Regarding the effectiveness of the output modality to convey information related to traffic lights, both visual and auditory warnings have been studied in simulation frameworks. Most of these studies focused on visual warnings for displaying the messages created by the system. In [7], five different human machine interfaces (HMI) were evaluated. Each of the HMI provided the same information that was displayed in various manners. The study concluded that all the HMI contributed to augmenting situational awareness regarding the phase of the traffic light.

A further study that focused on conveying information based on TTC regarding a vehicle running an upcoming red light stated that visual warnings distracted drivers [17]. However, the relationship between auditory warning systems and driving behavior is still ambiguous and requires further investigation, although many visual ADAS systems are already integrated into vehicles and fully accepted by drivers.

TLA systems utilize real-time traffic light timing data by accessing the information directly from the traffic management center and combining it with GPS data. This makes it possible for vehicles to calculate exactly which traffic light they are approaching, whether that light is red or green, and how long it will be until it changes. The vehicle also calculates if it will be able to drive through an intersection with a green traffic light based on how fast it is moving. All of these data alert the drivers of any upcoming situations posed by the next intersection and help them to adjust their speed in order to avoid waiting at red lights.

Evaluation of new in-vehicle technology using simulators has been performed in different works. For example, in [18] a user interface for a novel traffic regulation system was assessed. The interface conveyed information to the driver which was based on the ubiquitous optimized management of individual intersections where physical devices were replaced by virtual traffic lights (VTL).
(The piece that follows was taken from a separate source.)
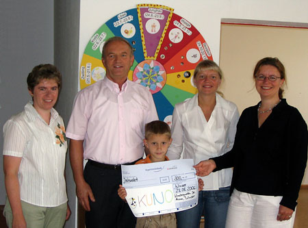 Kindergarten St. Anna spendet für KUNO 27.08.2006 Durch Aktionen und Feste unterstützt der Kindergarten St. Anna in Winzer regelmäßig gemeinnützige und soziale Projekte. Auch KUNO darf sich über eine großzügige

However, only a few works address in-vehicle technology based on simulated environments with V2I capabilities, and as far as it is known to the authors, no approach of a visual TLA system has been implemented in Unity 3D using SUMO as the traffic simulator.
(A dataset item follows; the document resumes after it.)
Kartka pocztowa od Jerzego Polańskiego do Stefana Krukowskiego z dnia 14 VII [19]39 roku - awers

3. Simulation Framework Implementation

3.1. Generation of the Scenario Network

Using the traffic network defined in the XML SUMO network file, a complex network was created to be used as the scenario of the simulation. SUMO uses an - coordinate system to locate all the elements of the network. The selected area was the Neubaugurtel Strasse in Vienna, as the amount of traffic lights on this road is significant. The source used for extracting data was Open Street Map (OSM) [19] since it allows the selection of areas of interest and automatically generates an  .osm file. The desired area was defined manually as shown in Figure 1. In order to create the corresponding  .net.xml file, the application NETCONVERT was used. Additional data included in OSM regarding buildings, parks, rivers, and so forth was visualized by using the POLYCONVERT tool.
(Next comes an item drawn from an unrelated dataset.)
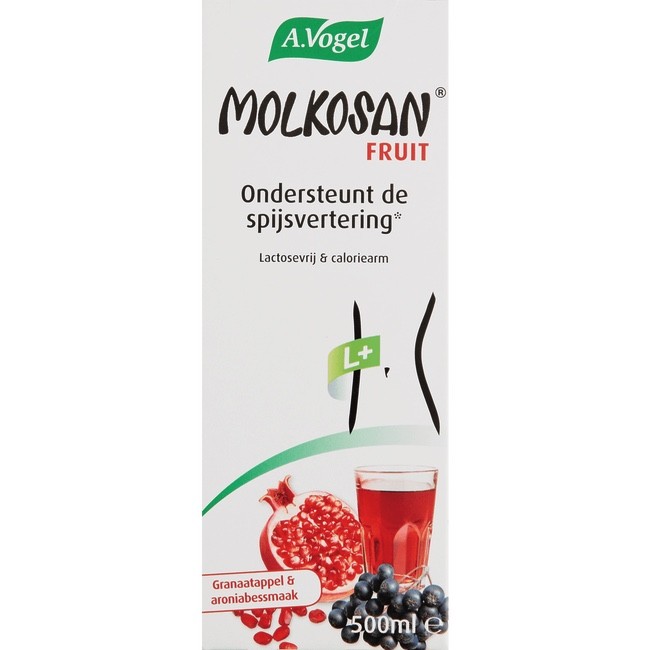 A. Vogel Molkosan Fruit 200 ml ondersteunt de spijsvertering, doordat het een bron van Calcium is. Dit voedingssupplement bevat 100% natuurlijke melkwei met granaatappel, aroniabes en stevia. Een goede spijsvertering is van belang voor onze gezondheid. Als de spijsvertering goed functioneert, voelen we ons fit en vitaal. Lekker door de yoghurt, havermout-pap of als dressing in de salade!

To edit the network the tool NETEDIT was used, and the junctions in which there were a significant number of intersections were merged. Connections between roads were also edited.

3.2. Modification of TLS Programs for the Created Network

The  .net.xml file generated from the NETCONVERT tool includes information about the traffic light systems (TLS). After verifying the  .net.xml file, it was found that not all of the TLS programs with only one intersection had a red phase. An example of these errors can be found in the code in Algorithm 1.

<tlLogic id="joinedS_6" type="static"
programID="0" offset="0">
<phase duration="86" state="GGG"/>
<phase duration="4" state="yyy"/>
</tlLogic>
<tlLogic id="joinedS_7" type="static"
programID="0" offset="0">
<phase duration="88" state="GGGGGG"/>
<phase duration="2" state="yyyyyy"/>
</tlLogic>

In addition, some phases were longer than in reality. Therefore, this behavior was adapted for real conditions by shortening the length of the phases and/or adding missing red light phases. Once these two modifications were done, the edition of the network was completed.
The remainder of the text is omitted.